In the next step I did some curve-fitting to get rid of the noise from my too small dataset. I tried to fit the table to a segment on an arc defined by this formula:
Code: Select all
int Arc(int x, int width, int height)
{
//Looks like an inverted parabola with Arc(0) = 0 Arc(width) = 0 and Arc(width/2) = height
return height * 4 * (width * x - x * x) / (width * width);
}
And while I really like this formula in the end it was too complicated. I got pretty good results already by fitting a linear function to the tuned data, especially when I truncated it for high values of moves.
Code: Select all
static int BishopValue(int moves) => Min(7, moves) * 5;
static int RookValue(int moves) => Min(11, moves) * 5;
static int QueenValue(int moves) => Min(25, moves) * 3;
static int KingValue(int moves) => moves * -5;
What about Knights and Pawns you may ask? Wether I included or skipped the knight features didn't change the MSE of the tuned results much. In other words: The mobility of knights doesn't matter. Or so the tuner told me... (it's my oracle^^)

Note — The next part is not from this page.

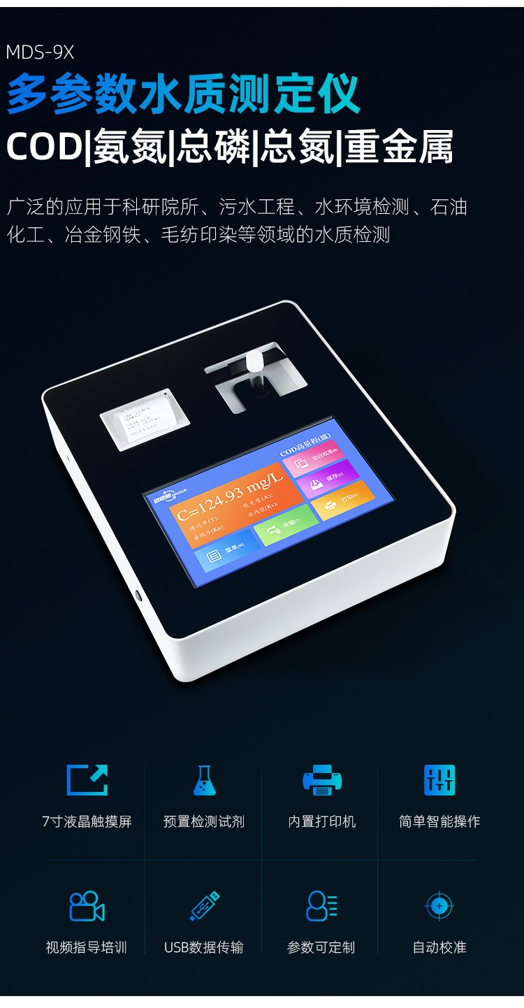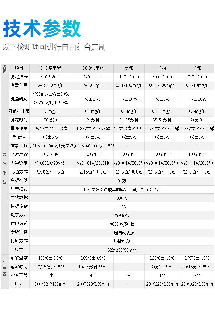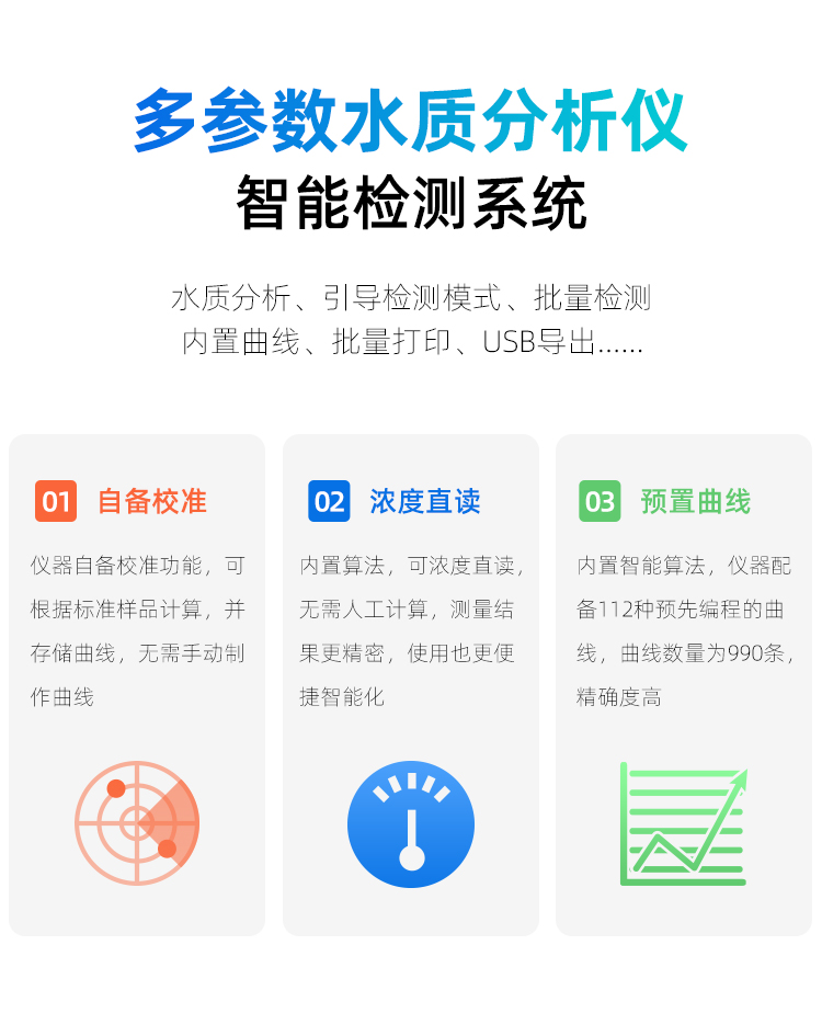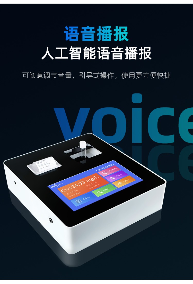 人工智能語音播報提示,可隨意調(diào)節(jié)音量, 使用更方便更 配備112種預(yù)先編程的曲線,曲線數(shù)量990條,可濃度直讀,測量結(jié)果更精密; 具有數(shù)據(jù)存儲功能,可存儲90萬組數(shù)據(jù),并能自由查看; 10寸彩色液晶顯示觸摸屏,全中文操作模式,更便于操作掌握; 儀器自備校準(zhǔn)功能,可根據(jù)標(biāo)準(zhǔn)樣品計算, 并存儲曲線,無需手動制作曲線; 配備USB接口傳輸功能,自帶打印機,可打印當(dāng)前數(shù)據(jù)及存儲的歷史數(shù)據(jù); 采用管比色、皿比色,雙比色系統(tǒng)

And pawns get a special treatment because their move table looked like this:
Code: Select all
Pawn: -10, 0, -1, 0, 74, 0, 0, 0, 0, 0, 0, 0, 0,
So the number of moves a pawn has doesn't matter much except that pawns with 0 moves are pretty bad (they are stuck) and pawns with 4 moves deserve a huge bonus. 4 moves? Well that's a pawn on the 7th rank with an empty target square ahead of him. So no curve fitting required. I just subtract 10 from the eval for each stuck pawn and add 74 for each pawn ready to promote. (And that's already a valuable pawn in the PSQTs, but the square infront of it being empty makes it extra valuable)
With a fast tuner you can just modify a value here and there and retune and see what the MSE does... It's like manual texel tuning! Or gambling...? In any case: It's quite fun!

So really no sophisticated tech here. I just use the tuner to guide me to coefficients that minimize the MSE after tuning and this seems to correlate well with the actual playing strength.
MSE(material) = 0.2460
MSE(material + pawns) = 0.2417
MSE(material + pawns + mobility) = 0.2364
...I didn't really bother yet with measuring how much better my dev version is now compared to 2.1 because I hope to first complete my work on the eval (for now) by adding something about king-safety. I don't know much more about it than that many engines have it in
their eval. So I will start again with coming up with a plethora of "features" for the tuner and then see which of them have the most significance in predicting the game outcome. Then I'll try to simplify again... it has worked for pawn structure and mobility and so I'm positive it will also work here.